## What needs to be done
Omitting all images, give the entries that follow again exactly as they read.

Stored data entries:
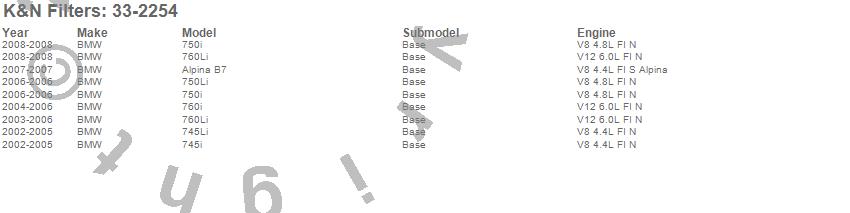 Below is an abreviated list of applications for the Air Filter.
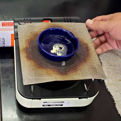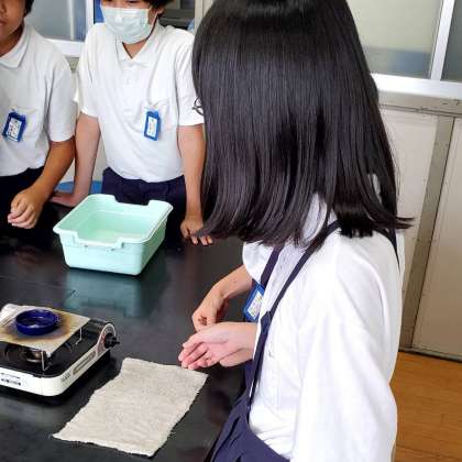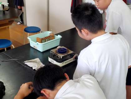 ご覧の写真は6年生が理科室で実験をしている様子です。今日は塩酸に鉄とアルミニウムを入れて溶かす実験をしていました。
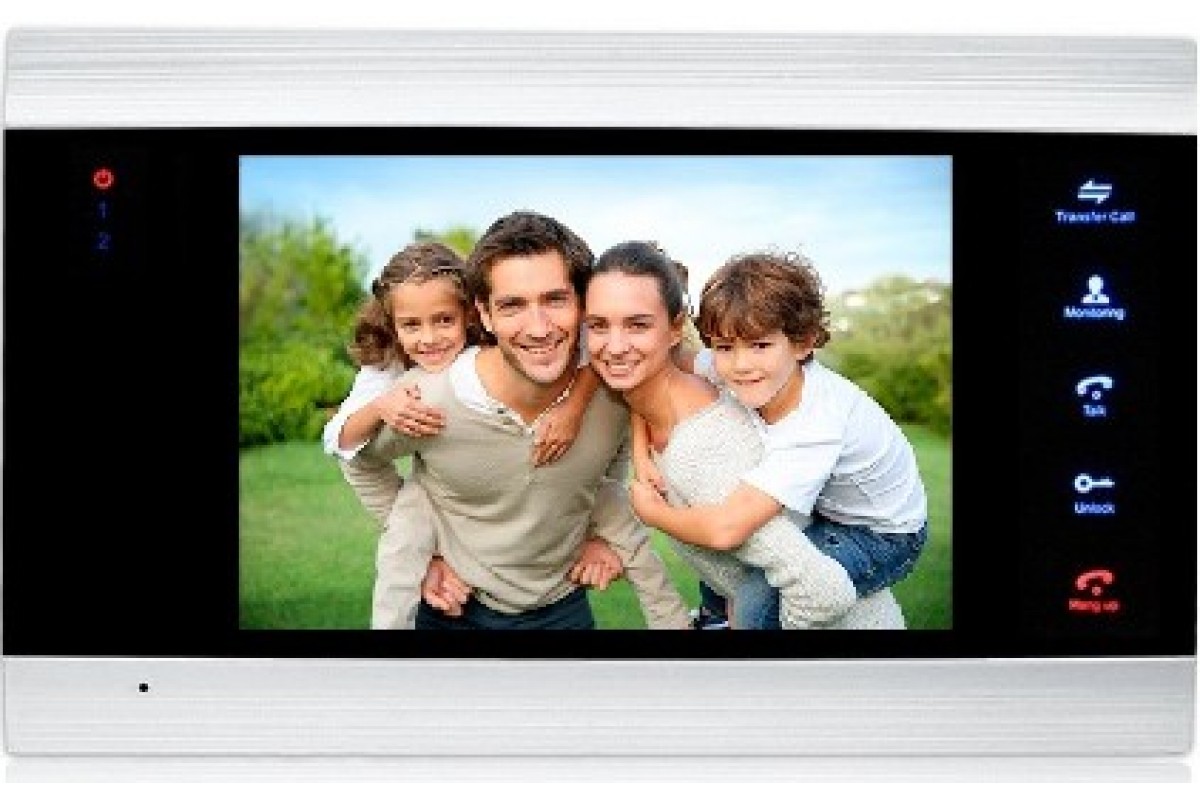 Монитор домофона с экраном 7 дюймов со встроенным блоком питания. Всё управление осуществляется сенсорными кнопками. Футуристический дизайн серебряного цвета, с черными вставками. Особенности: Подключение 2-х вызывных панелей,2 камеры видеонаблюдения, 4 дополнительный мониторов. Встроенный блок питания Сенсорное управление Возможность записи по движению видео или фото, на SD карту. Совместимость с большинством моделей отечественных вызывных панелей
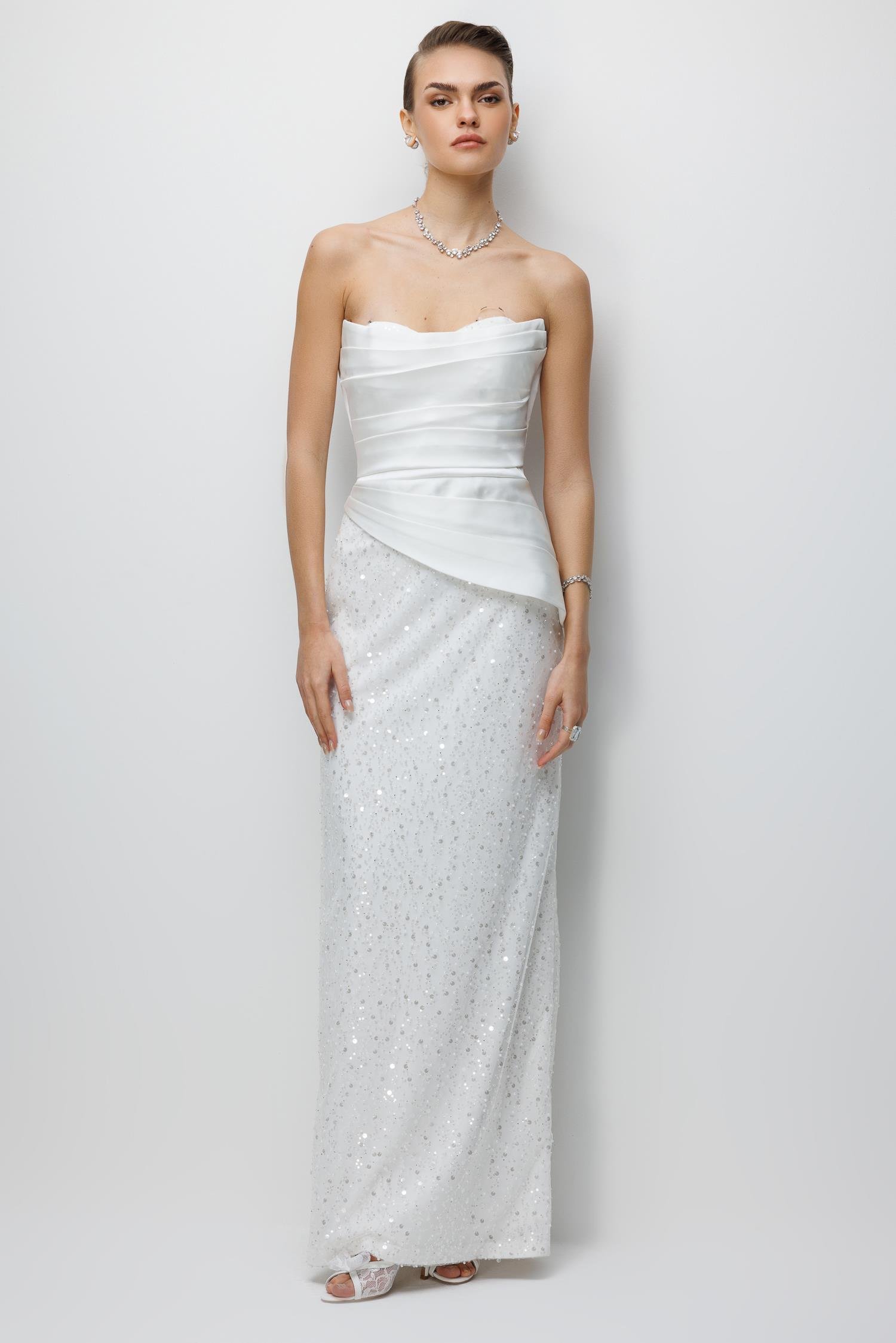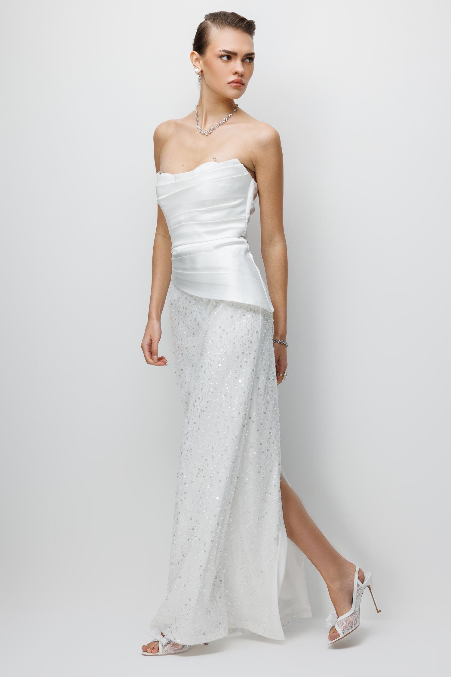 Bu elbise, nişanınız, lüks bir galada veya bir masal düğünündeki özel anlarınız için Ekru'nun saflığını ışıltıyla taşımak isteyenler için mükemmel bir seçimdir.
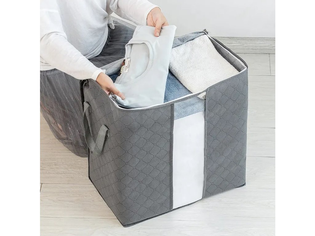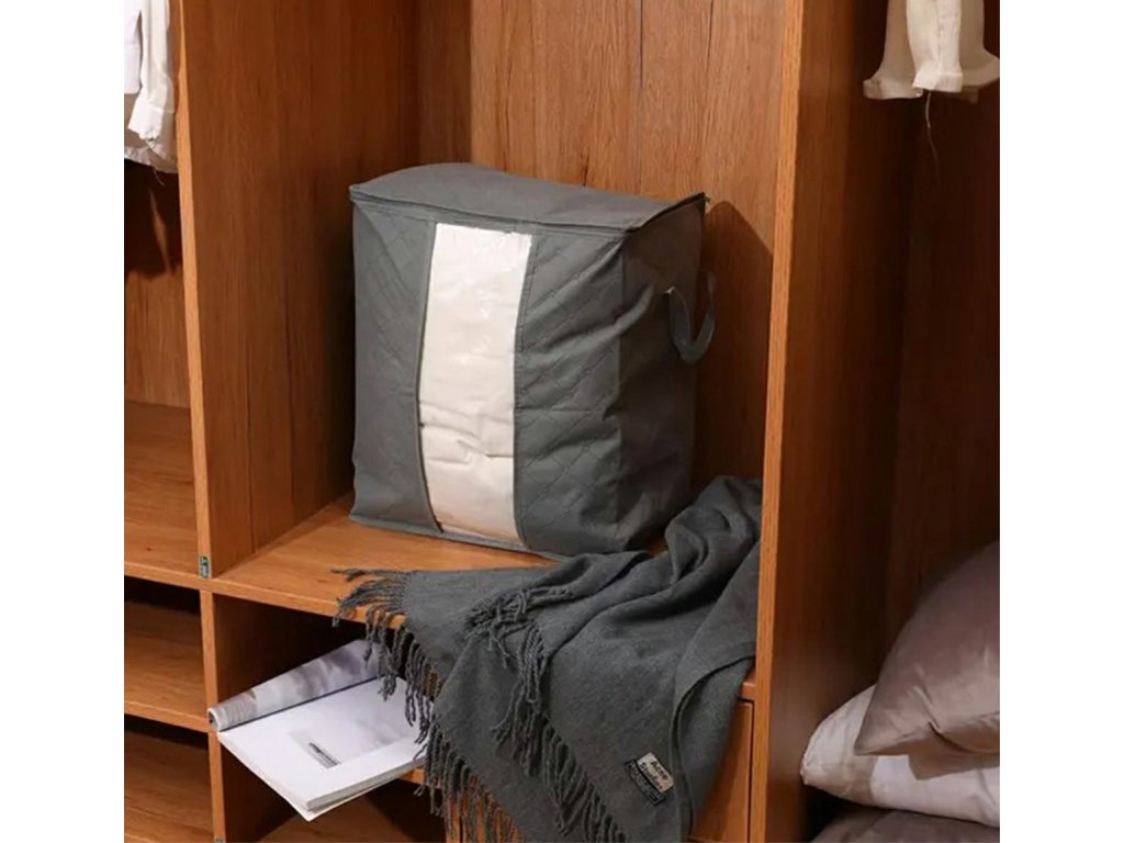Kompaktní povlak na ložní prádlo. Mimořádně praktický způsob uložení oblečení a lůžkovin. Organizátor používá zip a pohodlným madlem na přenášení. Průhledné okno umožňuje rychlou kontrolu nad oblastí. V případě potřeby ji lze použítv způsobu.
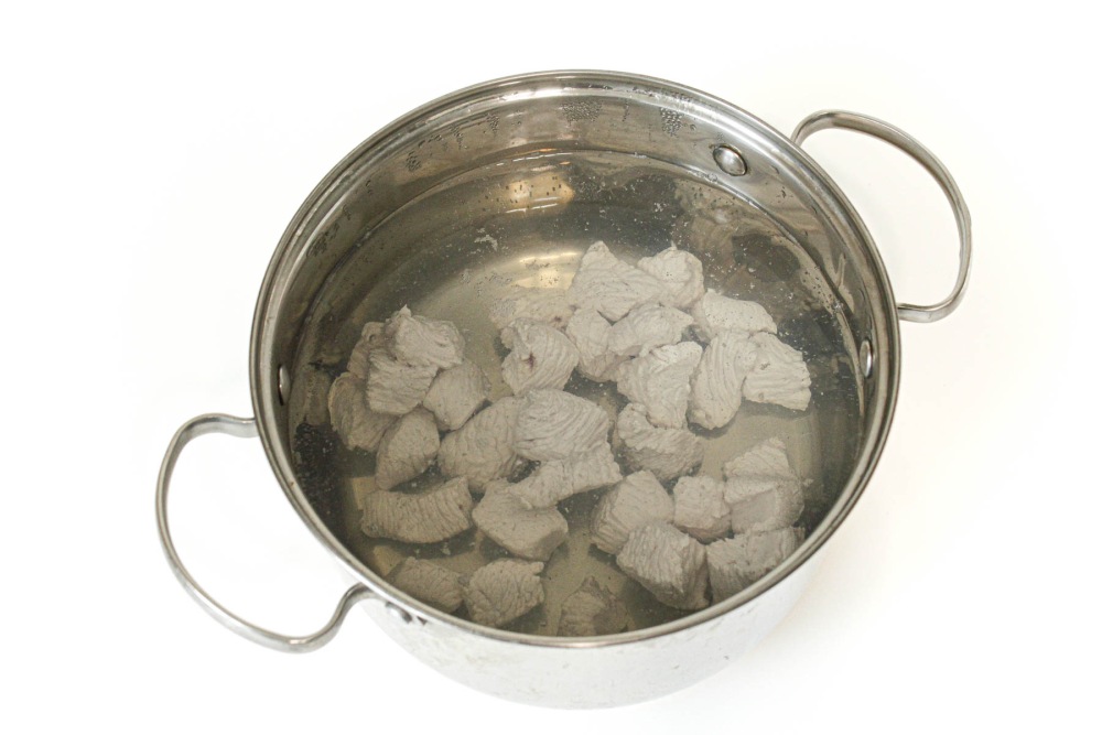 Вскипятить воду в кастрюле. Переложить мясо и варить в течении 20 минут.

## Reply to the exercise
 Below is an abreviated list of applications for the Air Filter.
 ご覧の写真は6年生が理科室で実験をしている様子です。今日は塩酸に鉄とアルミニウムを入れて溶かす実験をしていました。
 Монитор домофона с экраном 7 дюймов со встроенным блоком питания. Всё управление осуществляется сенсорными кнопками. Футуристический дизайн серебряного цвета, с черными вставками. Особенности: Подключение 2-х вызывных панелей,2 камеры видеонаблюдения, 4 дополнительный мониторов. Встроенный блок питания Сенсорное управление Возможность записи по движению видео или фото, на SD карту. Совместимость с большинством моделей отечественных вызывных панелей
 Bu elbise, nişanınız, lüks bir galada veya bir masal düğünündeki özel anlarınız için Ekru'nun saflığını ışıltıyla taşımak isteyenler için mükemmel bir seçimdir.
Kompaktní povlak na ložní prádlo. Mimořádně praktický způsob uložení oblečení a lůžkovin. Organizátor používá zip a pohodlným madlem na přenášení. Průhledné okno umožňuje rychlou kontrolu nad oblastí. V případě potřeby ji lze použítv způsobu.
 Вскипятить воду в кастрюле. Переложить мясо и варить в течении 20 минут.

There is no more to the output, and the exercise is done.